So I'm in my last year of high school and in 7 weeks time it'll be the end of school. I've been applying to sixth forms and I found out this other girl who I've spoken to a few times has got into the same place as me. I thought maybe we should be friends.
She said she was really happy that we were both in, she found out first that she had a place and when I told her I had a place too, she hugged me, I wasn't expecting it so it scared me.
I spoke to her on Facebook and asked her for her phone number, we began texting and I think I came on too strong, I actually asked her to be my friend.. I shouldn't have done that, right? I messaged her 3 days running about the college we were both in. So I must have come across a bit obsessive too. I've actually deleted her number now to stop myself talking to her.

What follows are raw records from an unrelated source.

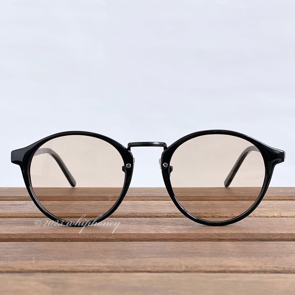 ラウンドボストンだて眼鏡 ピアノブラックフレーム ライトブラウンレンズ サングラス
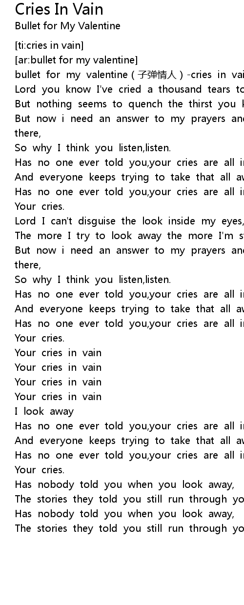 | [00:03.321] | bullet for my valentine zǐ dàn qíng rén cries in vain |
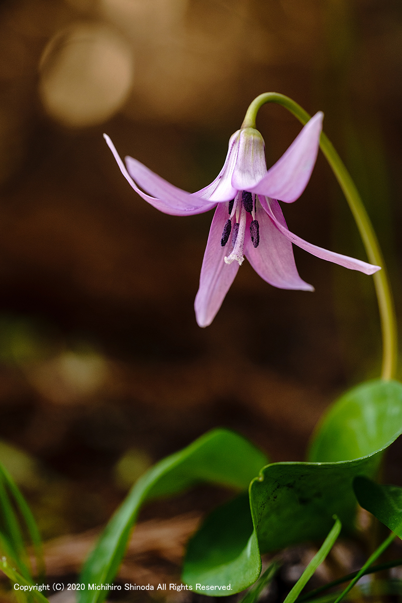 | 片栗 少し前にカタクリの葉があることに気づいた。 今年の開花はまだ無理かなと毎日立ち寄ると、つぼみをつけていた。 カタクリは種子から発芽、開花まで8年以上の長い年月がかかる。 スプリングエフェメラル(春の妖精)の代表で、葉が地上で見られるのはわずか2か月あまり。 4月、α7M3 + FE 90mm F2.8 Macro G OSS。  |
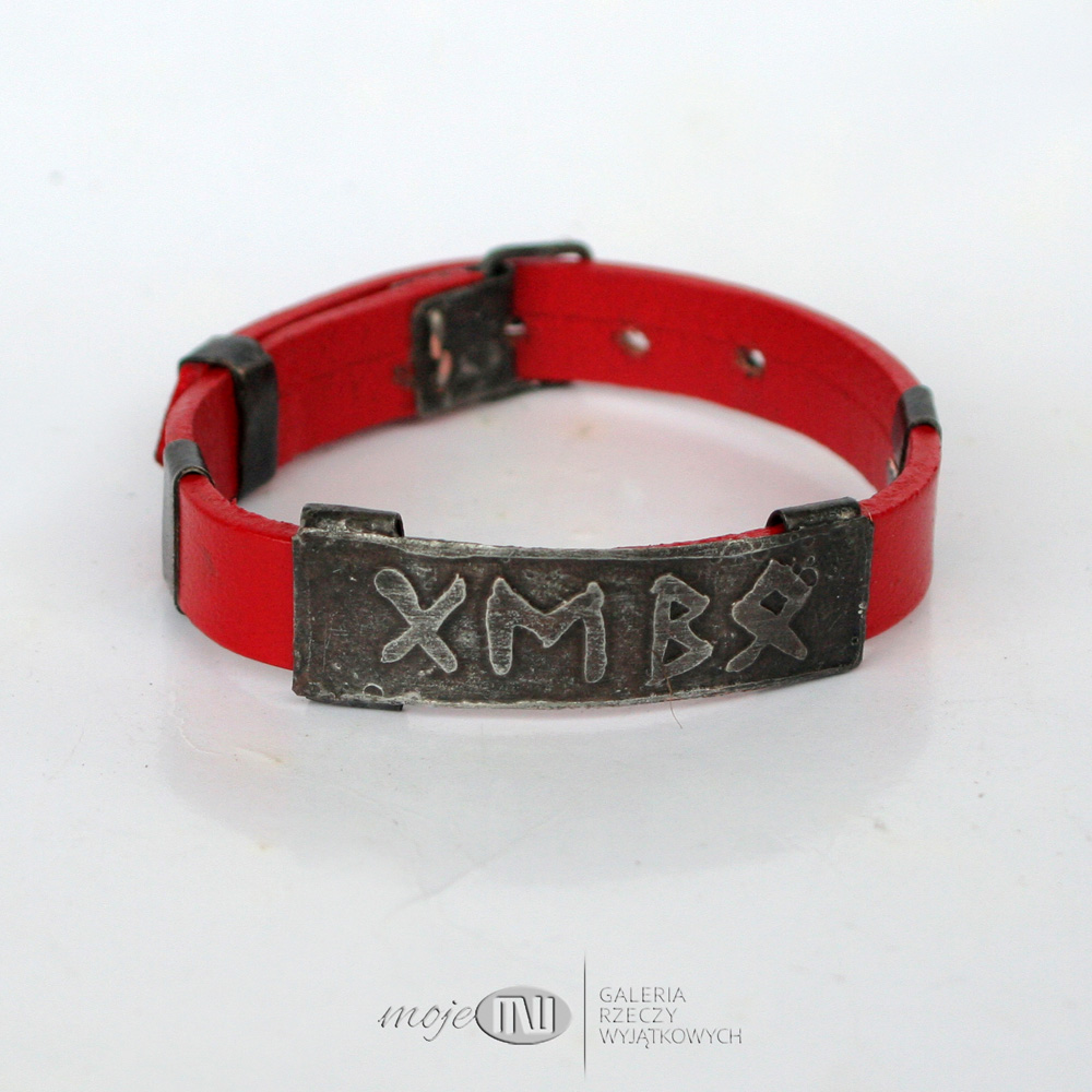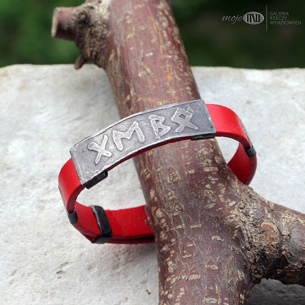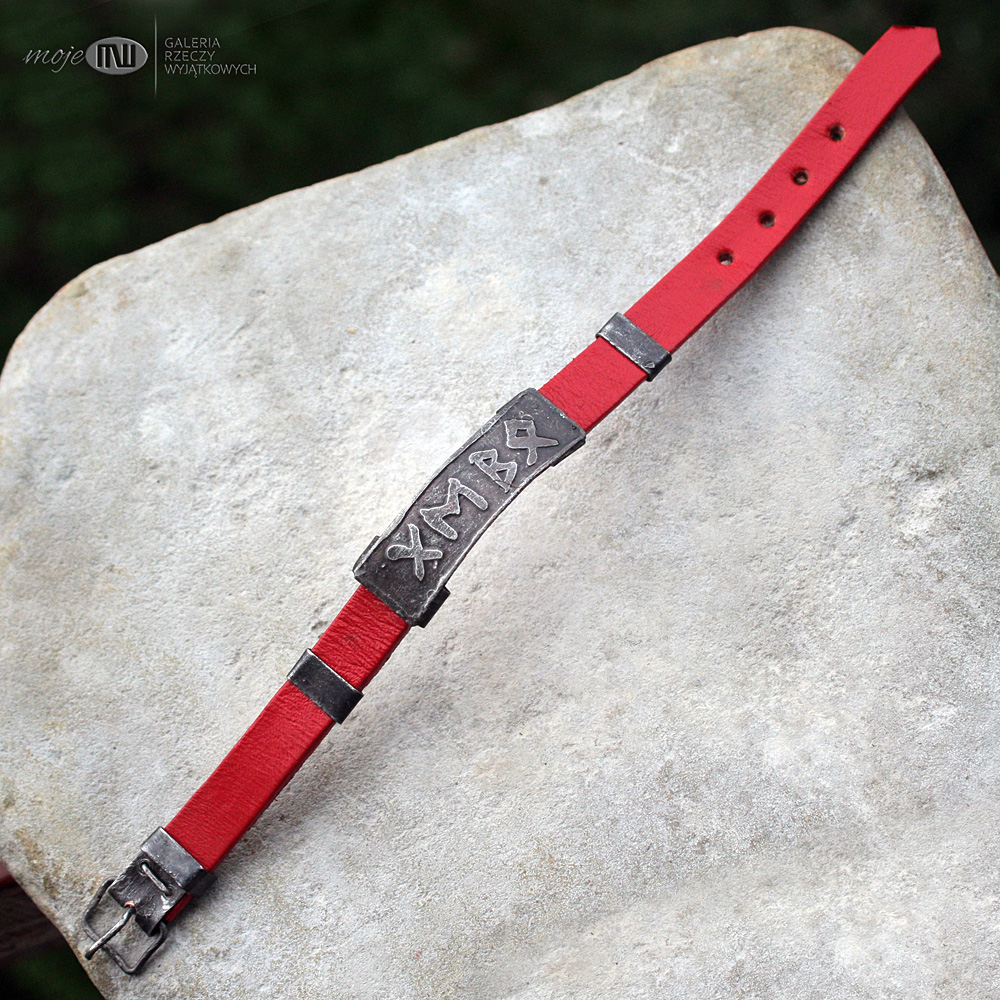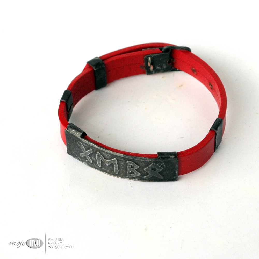 Energetyczna runiczna bransoleta z miedzi i skórzanego rzemienia w czerwonym kolorze.
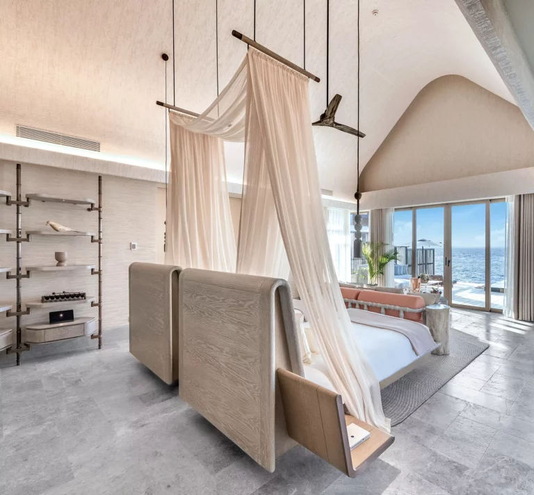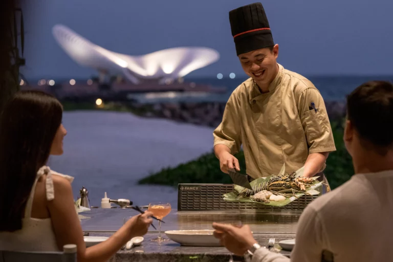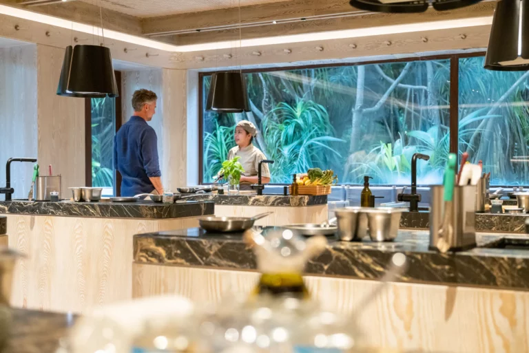 FLOW offers open-plan dining with three kitchens: Su for ocean-to-table pescatarian, Plantae for nourishing vegetarian and vegan, and B’Well for JOALI BEING’s signature meat and poultry.
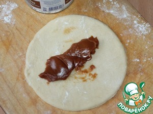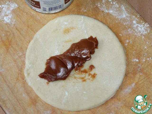 6. Смазать кружок топленым маслом и выложить начинку, вареную сгущенку.
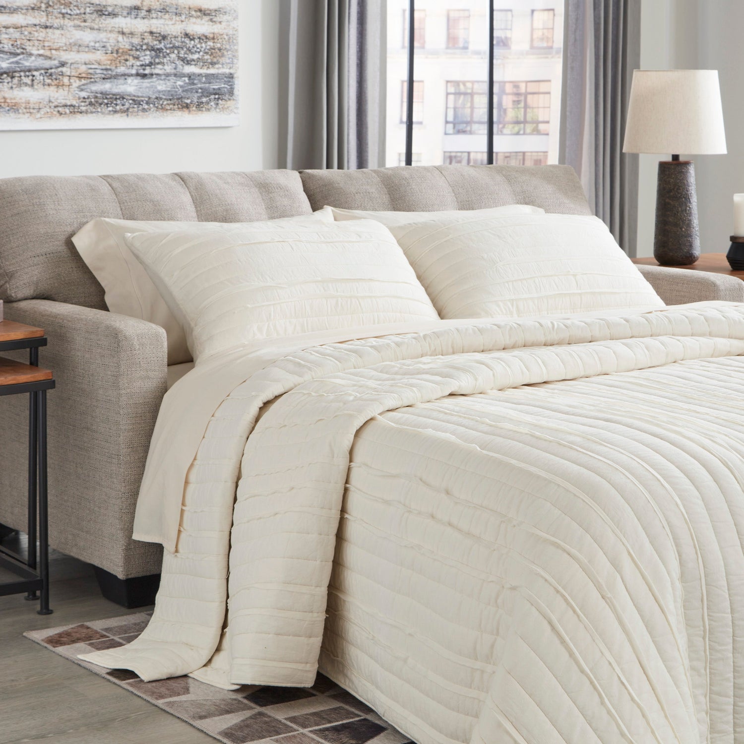 2 coussins 20" x 20" en polyfill doux ajoutent du style et du confort à l’ensemble.
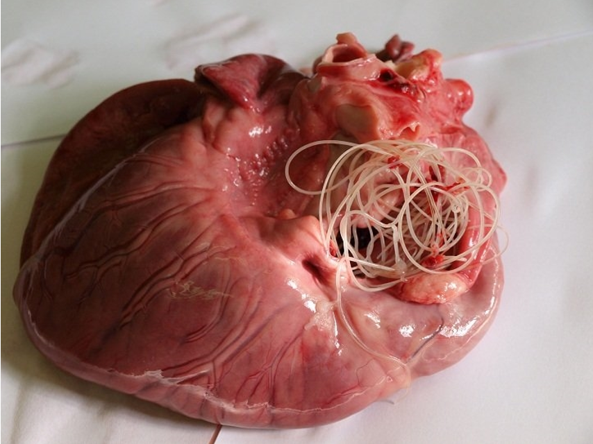 Сердечные черви могут быть обнаружены в правом желудочке сердца при вскрытии. Так диагноз устанавливается после смерти собаки.
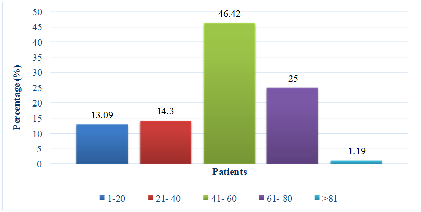 In the study which was conducted among 84 patients, the age group between 41-60 y were found to be given more number of NSAIDs (46.42 %) to 39 patients than others like 61-80 y (25 %) 21 patients, 21-40 y (14.3 %) 12 patients, 1-20 y (13.09 %) 11 patients and the least number of NSAIDs were given to the age group more than 81 y (1.19 %) which was 1 patient. So the NSAIDs are most likely prescribed to geriatric patients and less in pediatric and adolescent age groups.
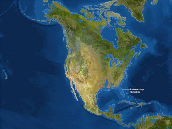 北美洲,整個佛羅里達半島全部沉浸在海水里。
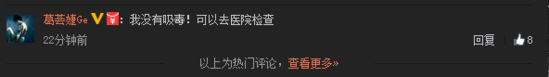 微博發(fā)出后,有網(wǎng)友問葛薈婕是否吸毒了,葛薈婕評論中回復(fù)“我沒有吸毒!可以去醫(yī)院檢查”。
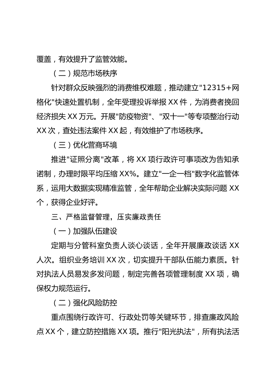 2024年分管領(lǐng)導(dǎo)個(gè)人述責(zé)述廉報(bào)告(市場(chǎng)監(jiān)管)作為分管市場(chǎng)監(jiān)督管理工作的副局長(zhǎng),我始終牢記"兩個(gè)確立"的決定性意義,堅(jiān)持以習(xí)近平新時(shí)代中國(guó)特色社會(huì)主義思想為指導(dǎo),嚴(yán)格履行全面從嚴(yán)治黨主體責(zé)任和"一崗雙責(zé)"?,F(xiàn)將我2024年度履行黨風(fēng)廉政建設(shè)責(zé)任制和廉潔自律情況報(bào)告如下:一、強(qiáng)化理論武裝,筑牢思想根基始終把政治建設(shè)擺在首位,帶頭學(xué)習(xí)貫徹習(xí)近平新時(shí)代中國(guó)特色社會(huì)主義思想和黨的二十大精神。全年參加黨組理論學(xué)習(xí)中心組學(xué)習(xí)XX次,記學(xué)習(xí)筆記XX萬(wàn)字,撰寫心得體會(huì)XX篇。特別是在學(xué)習(xí)貫徹二十屆三中全會(huì)精神過(guò)程中,我深入基層一線開展宣講XX場(chǎng),確保黨的創(chuàng)新理...
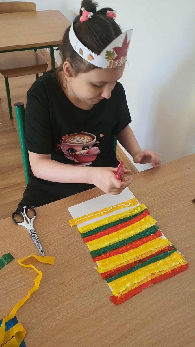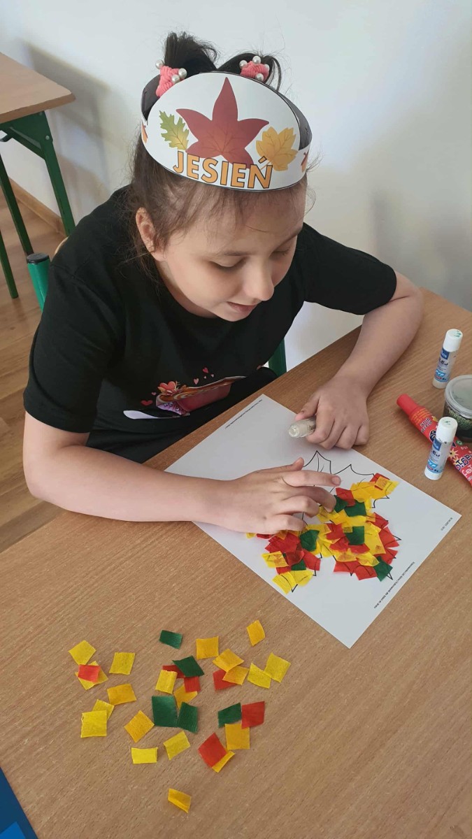 Projekt jest przeznaczony dla przedszkoli, klas 0–8 szkół podstawowych, szkół z oddziałami integracyjnymi i specjalnymi oraz nauczycieli, terapeutów i nauczycieli pracującymi z uczniami z SPE. Projekt to szansa na rozwój kompetencji społecznych, emocjonalnych i twórczych uczniów ze specjalnymi potrzebami edukacyjnymi (SPE) poprzez cykliczne warsztaty łączące plastykę, ruch, zabawę i integrację sensoryczną. Zadania projektowe polegają na zorganizowaniu 4 zajęć-warsztatów dla swoich uczniów, aby otrzymać certyfikat. W projekcie bierze udział uczennica klasy trzeciej Gabrysia pod kierunkiem pani Anny Pałys. Zadanie 1 Szelest barw w dziecięcych dłoniach polegało na stworzeniu pracy plastycznej inspirowanej kolorami spadających liści, kasztanów i jesiennej pogody. Gabrysia wykorzystała do tego różnorodne materiały: farby, kredki, kolorowy papier, bibułę starając się uchwycić piękno jesieni w twórczy, indywidualny sposób „opowiedziała ” swoją jesienną historię kolorem i fakturą .
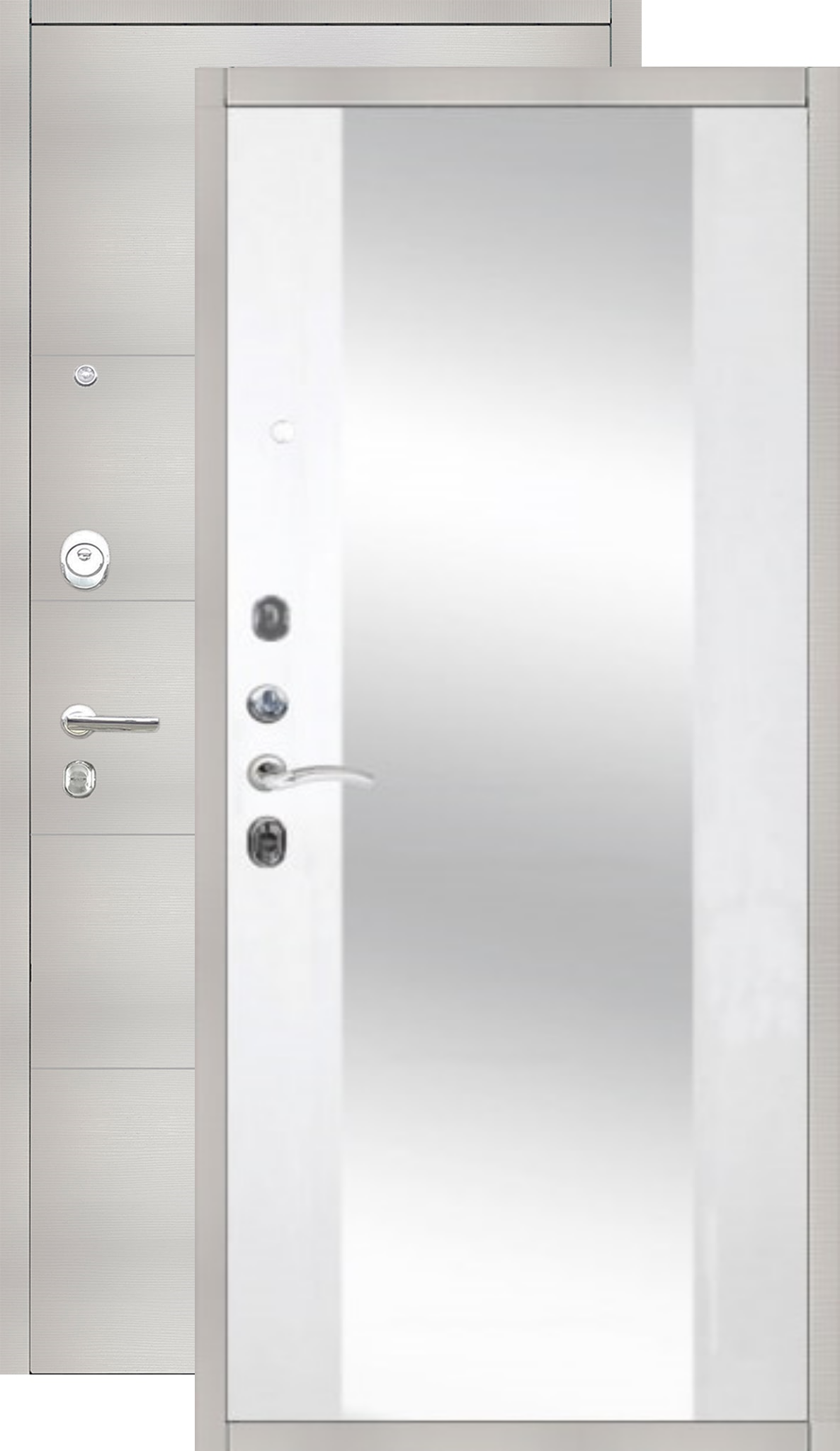 Повышенной надежности российская сейф-дверь с большим зеркалом на внутренней панели. Прекрасно подойдет для установки в квартиру. Солидная модель, которая хорошо защитит и подчеркнет статус.
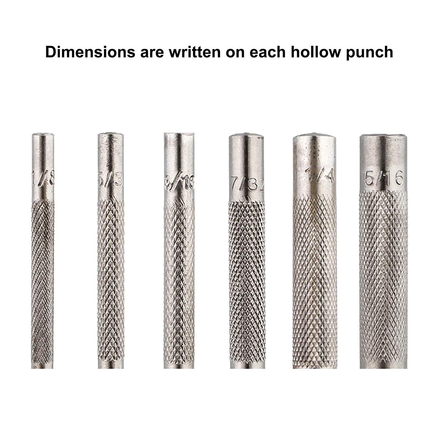 - 6 individual hole punch set sizes (inches): 1/8‘’, 5/32’’, 3/16’’, 7/32’’, 1/4’’ and 5/16’’, a leather punch set capable of punching several hole sizes
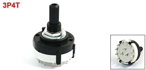 uxcell ロータリースイッチ 3P4T 3ポール 4ポジション 6mmシャフト直径
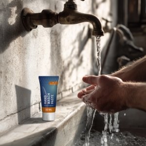 Profi-Handwaschpaste, 50 ml Tube (weiß) mit Klappdeckel. Der konzentrierte, pastöse Profi-Handreiniger mit Doppelwirkung entfernt zuverlässig starke Verschmutzungen wie Öle, Fette, Schmierstoffe, vielerlei Druckfarben, Stäube und natürlich auch einfachen Schmutz besonders hautfreundlich. Ob in Industrie, Handwerk, Garten, Werkstatt oder Hobbykeller: Der Profi-Handreiniger ist universell einsetzbar. Doppelwirkung aus Reinigung und Schutz: Der Profi Handreiniger reinigt porentief mit natürlichen Reibekörnern aus fein vermahlenem und abgerundetem Mehl aus Walnussschalen (keine Kunststoffe). Das komplex wirkendende Tensid-System aus nachwachsenden Rohstoffen ist selbstverständlich gemäß OECD-Screening-Test biologisch abbaubar. • Nachhaltiger Hautschutz • Hochwertige Fettstoffe natürlichen Ursprungs • pH hautneutral • Verstopft nicht den Abfluss • Ohne Silikon und Lösemittel Sparsam im Gebrauch: Nur 3 ml sind ausreichend für eine gründliche Handreinigung. Einfach in die trockenen Hände einreiben, bis sich der Schmutz löst. Etwas Wasser zugeben, gründlich waschen und gut abspülen. Dermatologisch getestet "Sehr gut hautverträglich". Hergestellt in Deutschland. FullbodyPrint: Vollflächige 360° Bedruckung der gesamten Tube inklusive Siegelnaht. Der Druck erfolgt direkt auf die Tube in atemberaubender 4c Fotoqualität (CMYK). Keine extra Druckkosten pro Stück: der Druck auf die Tube ist im Preis bereits inbegriffen. Füllung: 50ml
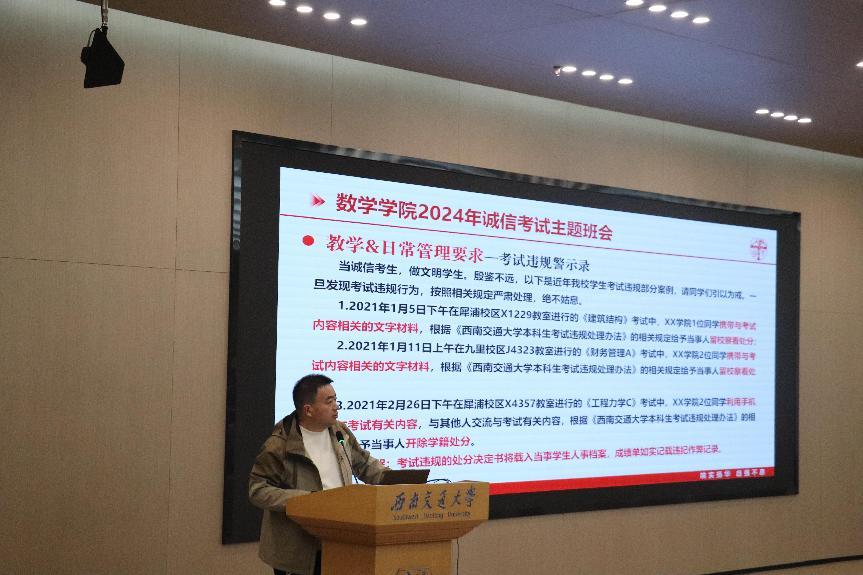 为扎实推进数学强基与学风建设“双发展”,积极发挥优秀学长示范引领作用,加强太阳集团tcy8722员工专业素养提升,12月16日下午7时,太阳集团tcy8722于图书馆二号报告厅圆满召开2024级本科生年级大会暨学风建设“X+1”帮扶计划介绍会。数学公司党委副书记黄祥,优秀员工代表胡丽君、赵彦通,太阳集团tcy8722各年级辅导员老师、优秀学长学姐以及2024级全体本科生参加本次活动。本次活动由2024级辅导员吕薇主持。

I asked if she's want to meet up outside of school and she said it sounded good. But I don't know if she's just feeling sorry for me.
I haven't made a new friend for the past 3 years so not only am I naturally not good at it, I haven't made a friend in ages.
She's said that I'm weird but she said she doesn't mind. I've apologised to her for being over the top but she said it was okay and I had no reason to apologise. Yet I know she must find me a bit of a pest, and I'm getting paranoid about coming on too strong.
How can I become friends with her without having to admit my Aspergers? Or would mentioning it help with the situation?